Introduction
Problem
While upgrading Consul servers from 1.14.9 to 1.15.7, the consul-connect-injector
and mesh gateway pods are stuck in a CrashLoopBackOff state. The environment is a WAN federated setup with a large amount of secondary DCs. The primary DC is already upgraded on 1.15.7+ent.
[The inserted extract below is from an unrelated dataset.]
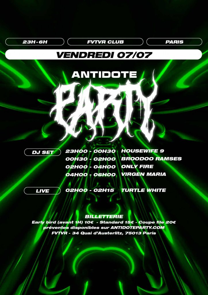 Antidote a le plaisir d’annoncer sa nouvelle soirée le 07 Juillet 2023 au club FVTVR avec DJ sets et performances artistiques au programme.
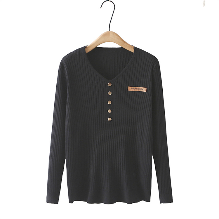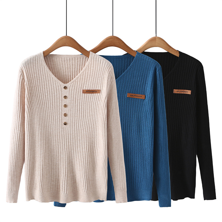 2024 Весна Новый свитер больших размеров с длинными рукавами, Модная приталенная рубашка с V-образным вырезом и надписью для девочек 1015

- Primary DC consul servers runs on K8S cluster, while all other secondary DC consul servers run on VMs
PS C:\Users\vt255011> kubectl get pods -n consul
NAME READY STATUS RESTARTS AGE IP NODE
NOMINATED NODE READINESS GATES
consul-consul-connect-injector-XXXXXXX1 0/1 Running 95 (51s ago) 5h23m 100.127.240.10 aks-agentpool-33018690-vms
s000001 <none> <none>
consul-consul-connect-injector-XXXXXXXX2 0/1 CrashLoopBackOff 95 (21s ago) 5h23m 100.127.240.65 aks-agentpool-33018690-vms
s00000w <none> <none>
consul-consul-mesh-gateway-XXXXXXXXXX 0/1 Init:CrashLoopBackOff 42 (111s ago) 5h23m 100.127.240.12 aks-agentpool-33018690-vms
s000001 <none> <none>
consul-consul-mesh-gateway-XXXXXXXXXX 0/1 Init:0/1 41 (6m24s ago) 5h23m 100.127.240.132 aks-agentpool-33018690-vms
s00000w <none> <none>
consul-consul-server-acl-init-jwqs2 0/1 Completed 0 5h23m 100.127.240.134 aks-agentpool-33018690-vms
s00000w <none> <none>
- In the
connect-injector
logs, these errors are observed
2024-01-05T07:47:17.472Z [DEBUG] consul-server-connection-manager: gRPC resolver failed to update connection address: error="bad resolver state"
2024-01-05T07:47:17.472Z [ERROR] consul-server-connection-manager: connection error: error="fetching supported dataplane features: rpc error: code = Unauthenticated desc = ACL system must be bootstrapped before making any requests that require authorization: ACL not found"
Prerequisites
- Consul version v1.14.9+ent --> 1.15.7+ent
- Consul-k8s v1.0.9
Cause
-
When the sidecar-injectors containers start, they (using the consul-server-connection-manager library) talk to the Consul Servers over GRPC to:
-
First, it is authenticated to get an ACL token.
- This token is created in the primary DC and gets replicated in the secondary.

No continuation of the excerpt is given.